## Exercise prompt
Repeat the listing below in full and exactly, but without its pictures.

## Information given
·····
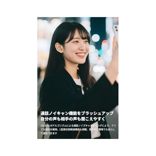 【6基マイクAI通話ノイズキャンセリング+人声強調外音取り込み機能、聴きたい声だけ、自然に聴こえる】左右合計6基のマイクとAIアルゴリズムによる通話ノイズキャンセリングにより、周囲の騒音をカットしながら、あなたの声だけをしっかり相手に届けます。L型風切音軽減構造も入れており、風が吹く場所でも安心。さらにcVc 8.0ノイズキャンセリング技術を採用することで相手の声もクリアに聞こえるため、ビジネス通話やオンライン会議もスムーズに。人声強調外音取り込みモードでは、人の声が増強され、アナウンスなど必要な音だけを自然に取り込めるので、イヤホンを外さなくても周囲とのコミュニケーションや安全確認が可能です
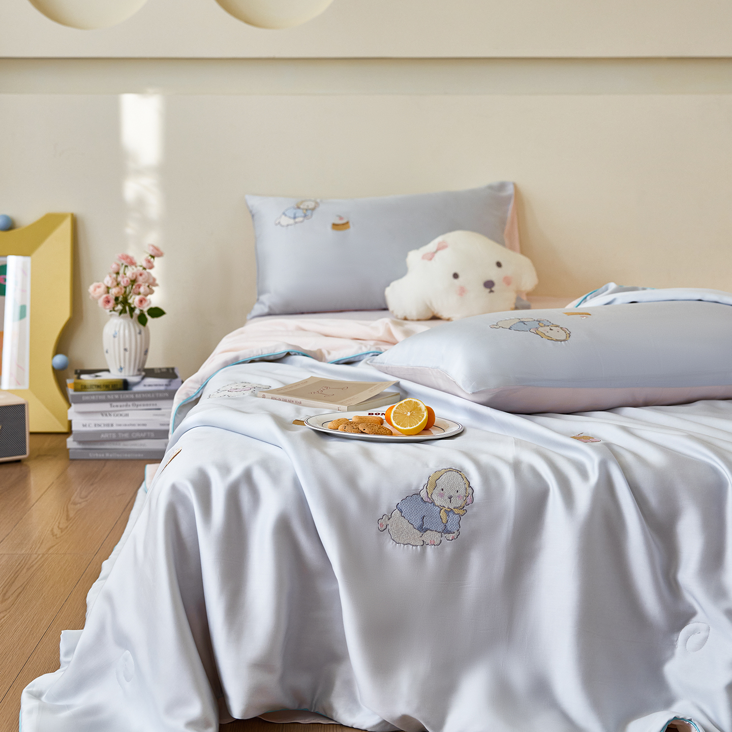 (总)风向标家纺 2026新款兰精天丝绣花四件套-萌宠系列,粉雾小斑,花径猫踪,蓝心喵语,奶蓝汪团,南瓜夏语,清蓝奶芙,云粉小卧
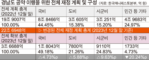 2022년 12월 말 애초 계획된 소요재정 19조 9007억 1300만 원 기준으로 국비 44.45%, 도비 15.38%, 시군비 15.20%, 민간 등 기타 24.97% 구성이었는데 민간·기타 비율만 확보율이 20.24%포인트(p) 낮았다.
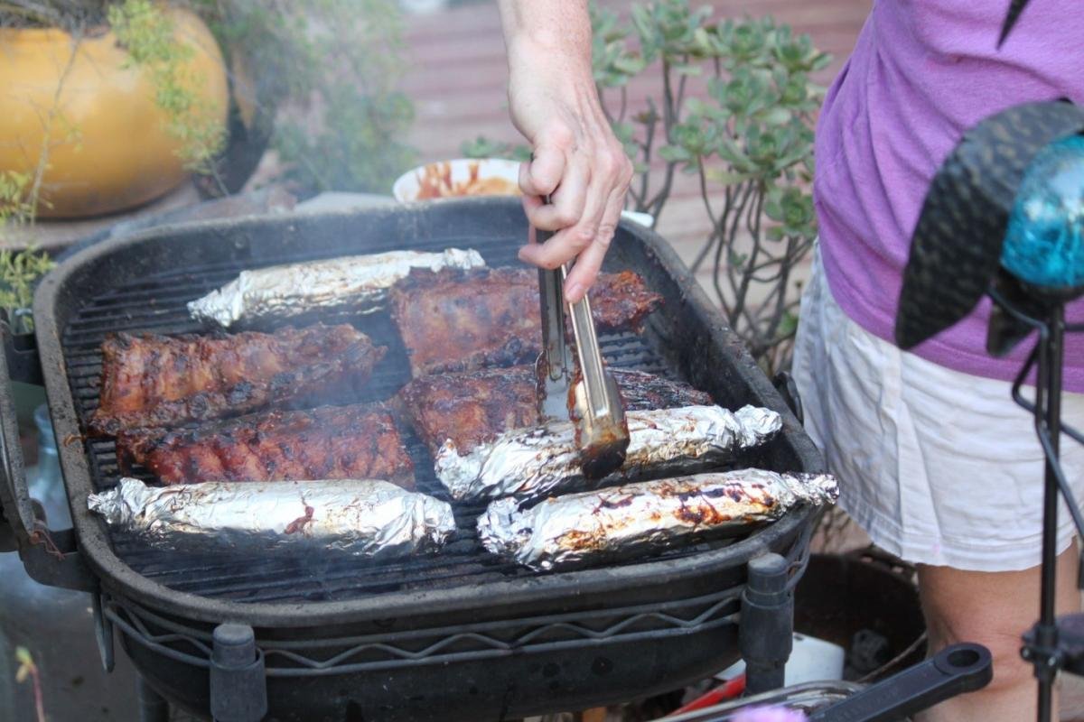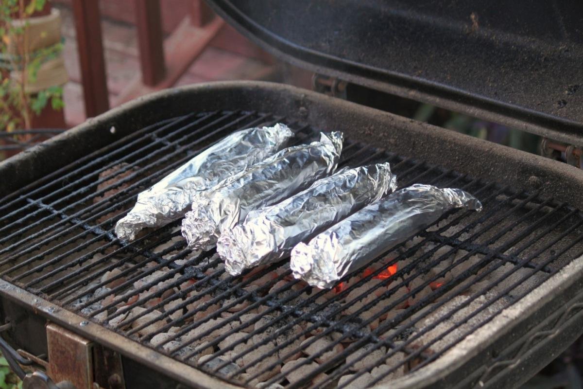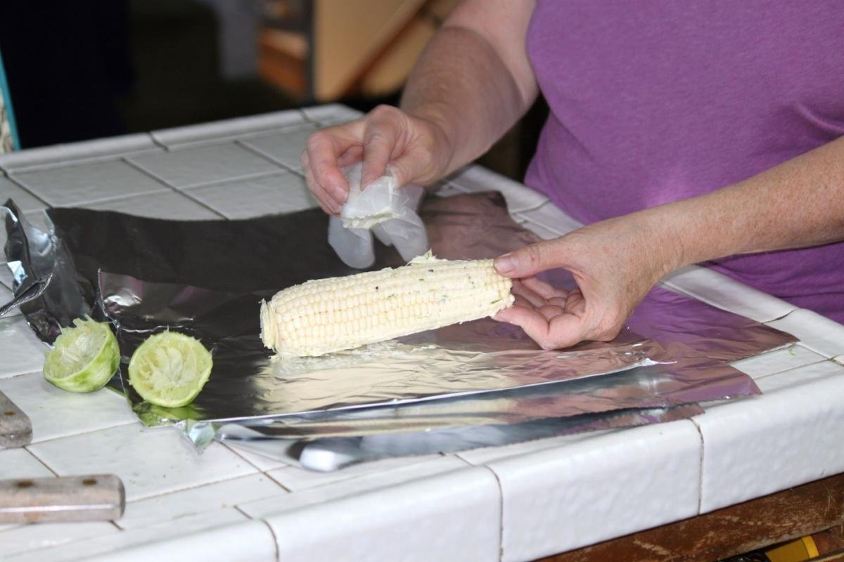 Method for grilling corn in aluminum foil: Starting at the top, strip all the husks and silks away from the ears of corn and discard them. Roll up the corncobs in squares of aluminum foil, twisting the ends to secure, like a candy wrapper. I use a big enough piece of foil to be able to fold it in half for a double layer. Joining the edges horizontally, fold the edges over approximately 1/2-inch and then fold back on itself twice again to adequately seal the corn – this will help keep the moisture from escaping while grilling. Grill alongside your Barbecue meats for 15-20 minutes, turning often.
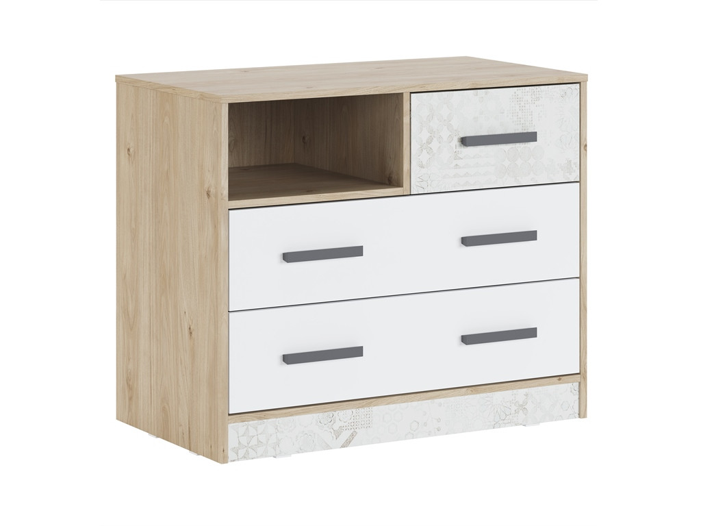 - Комод имеет три выдвижных ящика на шариковых направляющих полного выдвижения и открытую нишу.
·····
## Result of the exercise
 【6基マイクAI通話ノイズキャンセリング+人声強調外音取り込み機能、聴きたい声だけ、自然に聴こえる】左右合計6基のマイクとAIアルゴリズムによる通話ノイズキャンセリングにより、周囲の騒音をカットしながら、あなたの声だけをしっかり相手に届けます。L型風切音軽減構造も入れており、風が吹く場所でも安心。さらにcVc 8.0ノイズキャンセリング技術を採用することで相手の声もクリアに聞こえるため、ビジネス通話やオンライン会議もスムーズに。人声強調外音取り込みモードでは、人の声が増強され、アナウンスなど必要な音だけを自然に取り込めるので、イヤホンを外さなくても周囲とのコミュニケーションや安全確認が可能です
 (总)风向标家纺 2026新款兰精天丝绣花四件套-萌宠系列,粉雾小斑,花径猫踪,蓝心喵语,奶蓝汪团,南瓜夏语,清蓝奶芙,云粉小卧
 2022년 12월 말 애초 계획된 소요재정 19조 9007억 1300만 원 기준으로 국비 44.45%, 도비 15.38%, 시군비 15.20%, 민간 등 기타 24.97% 구성이었는데 민간·기타 비율만 확보율이 20.24%포인트(p) 낮았다.
 Method for grilling corn in aluminum foil: Starting at the top, strip all the husks and silks away from the ears of corn and discard them. Roll up the corncobs in squares of aluminum foil, twisting the ends to secure, like a candy wrapper. I use a big enough piece of foil to be able to fold it in half for a double layer. Joining the edges horizontally, fold the edges over approximately 1/2-inch and then fold back on itself twice again to adequately seal the corn – this will help keep the moisture from escaping while grilling. Grill alongside your Barbecue meats for 15-20 minutes, turning often.
 - Комод имеет три выдвижных ящика на шариковых направляющих полного выдвижения и открытую нишу.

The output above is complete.